Figure 12 depicts the reconstructed HR solutions of the Foreman sequence along with their corresponding BIQE and NIQE values when compared with faster reconstruction methods at zooming factor of 3\(\times \).

Table 17 provides the average values of BIQI and NIQE measures of the reconstructed HR solutions from MDSP dataset [49] at different magnification factors. From the visual perception and tabular data analysis, it is observed that, even for real-time data analysis also, our proposed method is providing superior reconstruction quality than the other methods. Methods in [29] and [35] are providing comparable results to the proposed work. But, with increase in magnification factor, the reconstruction accuracy of these methods severely degrades and artifacts dominant. On the other hand, our proposed method maintains its reconstruction accuracy even at larger magnification factors.
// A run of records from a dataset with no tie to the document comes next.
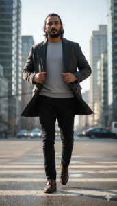 Create a candid street photography image of a man crossing the road mid-stride, captured from a low angle as his coat moves slightly with motion, wearing a charcoal overcoat over a gray sweater, tailored trousers, and leather shoes, one hand adjusting his coat collar while the other swings naturally, focused expression, city buildings rising behind him, strong directional sunlight creating long shadows, crisp contrast, slight motion blur in the legs, and a natural unposed feel. Use aspect ratio 3:4. use my uploaded photo for reference.
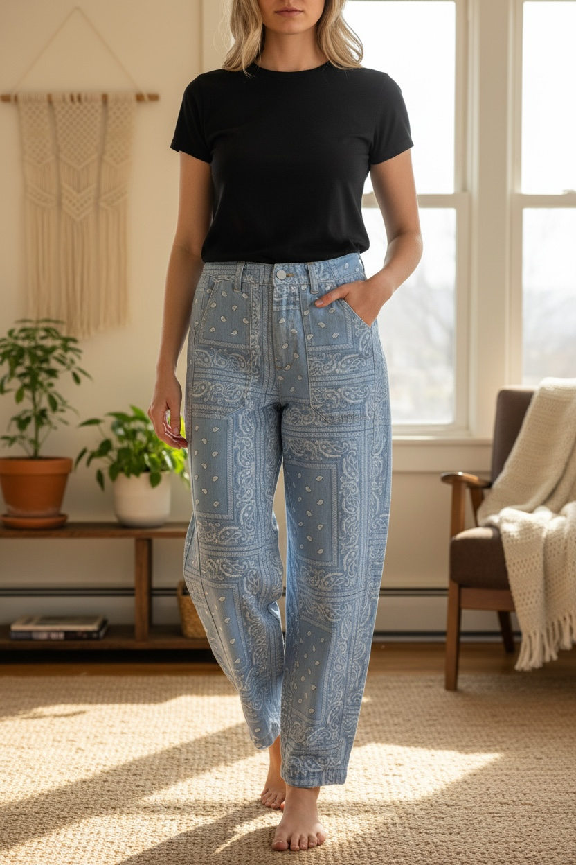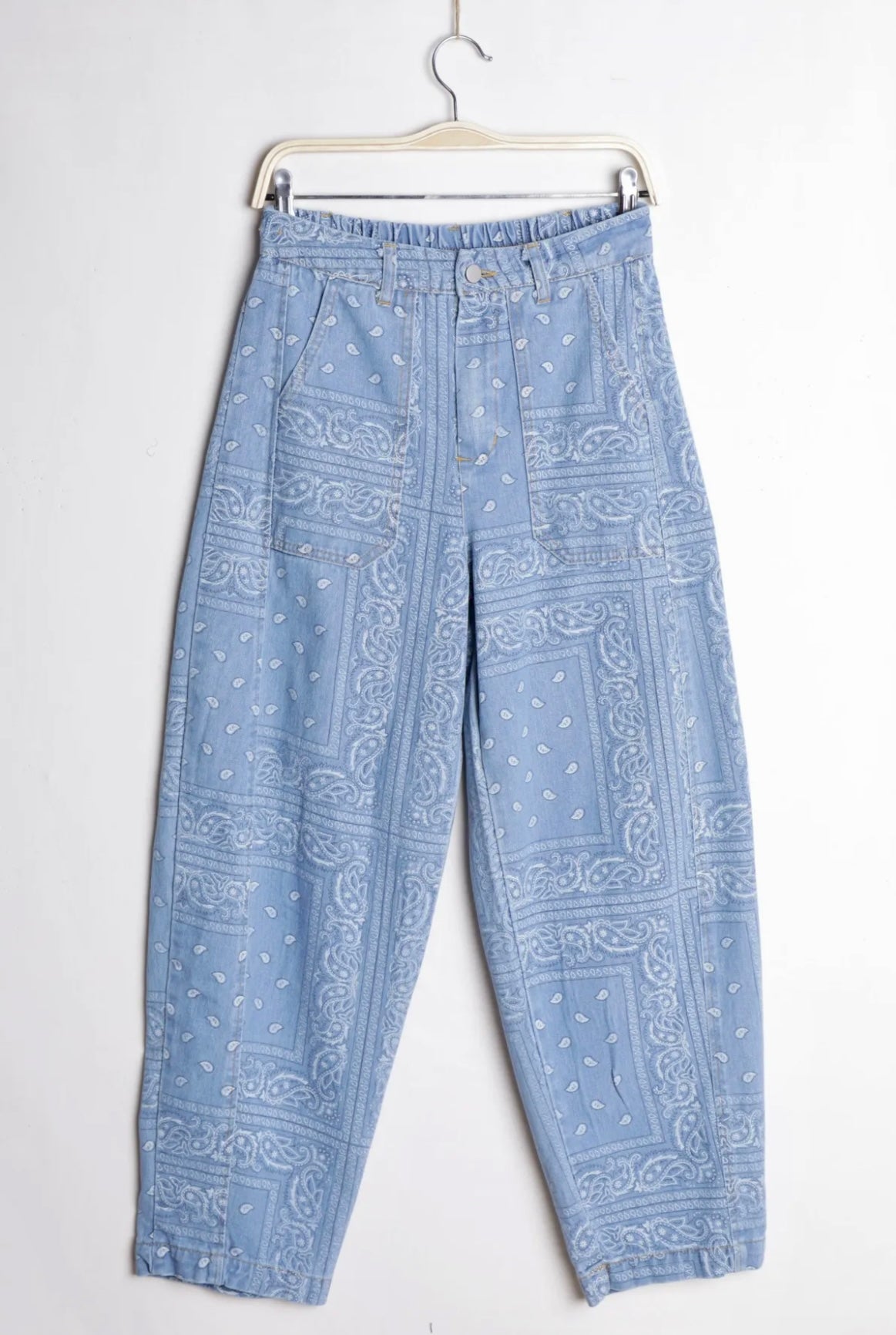 Jean bleu clair imprimé Bandana, taille élastique dans le dos pour plus d'aisance.
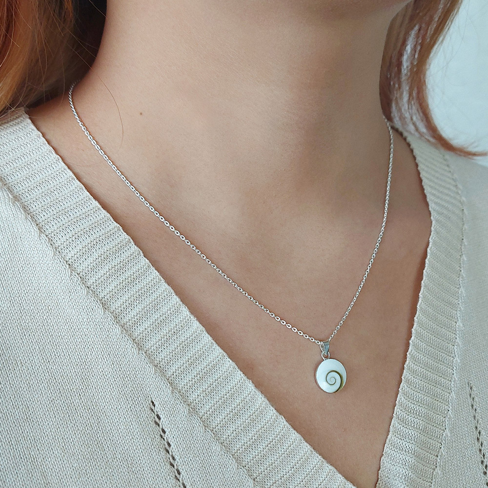Embrace the beauty of the ocean with our stunning Shiva Shell silver necklace. Crafted in sterling silver, this 45cm necklace features a unique 12mm circle pendant adorned with a mesmerizing shiva shell inset. Perfect for everyday wear, this piece is sure to turn heads and make a statement.
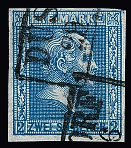 2 Sgr. blau, Plattenfehler "schräges I" (Retusche) tadellos gest. Mi. 400,-

Table 18 provides the average improvement of BIQI and NIQE measures of the proposed method over the methods in [29] and [35] at different magnification factors for MDSP dataset.

5 Conclusion

In this paper, we have presented an efficient neighbor embedding-based super-resolution reconstruction scheme by utilizing an enhanced way of representing image patch in feature space and a faster way of searching candidate patches. Each patch is efficiently represented by fusing a number of low- and high-level feature attributes which in turn provides sufficient essential information for reconstructing high-quality image details. Moreover, this unified means of patch representation makes the reconstruction process robust to noise. Size of K is chosen adaptively and patch similarity is measured in non-Euclidean space. This overcomes the bottleneck of Euclidean distance-based similarity measures. Qualitative and quantitative analysis of reconstruction process suggests that methods in [29, 35] provide comparable results with the proposed method and hence considered as the next two state-of-the-art methods. Our proposed work produces an average gain in PSNR by 0.37-0.68 dB, average improvements of SSIM, FSIM, RM, BM, SRCC and IG measures are by 0.91–1.08%, 1.09–1.94%, 6.45–12%, 11.26–17.54%, 10.13–18.10% and 6.98%, respectively, over the method in [35] at a cost of 3–5 s more processing time. Moreover, as compared to method in [29], our method achieves an average gain in PSNR by .30–.60 dB, average gain in SSIM, FSIM, RM, BM, SRCC and IG measures are by .64–.8%, .73–1.62%, 4.31–10.78%, 2.7–9.7%, 7.15–17.9% and 5.8% at a cost of 4–6 s processing time. All these analysis suggest that the proposed work produces a better trade-off between sharper image details and running time than the compared state-of-the-art methods.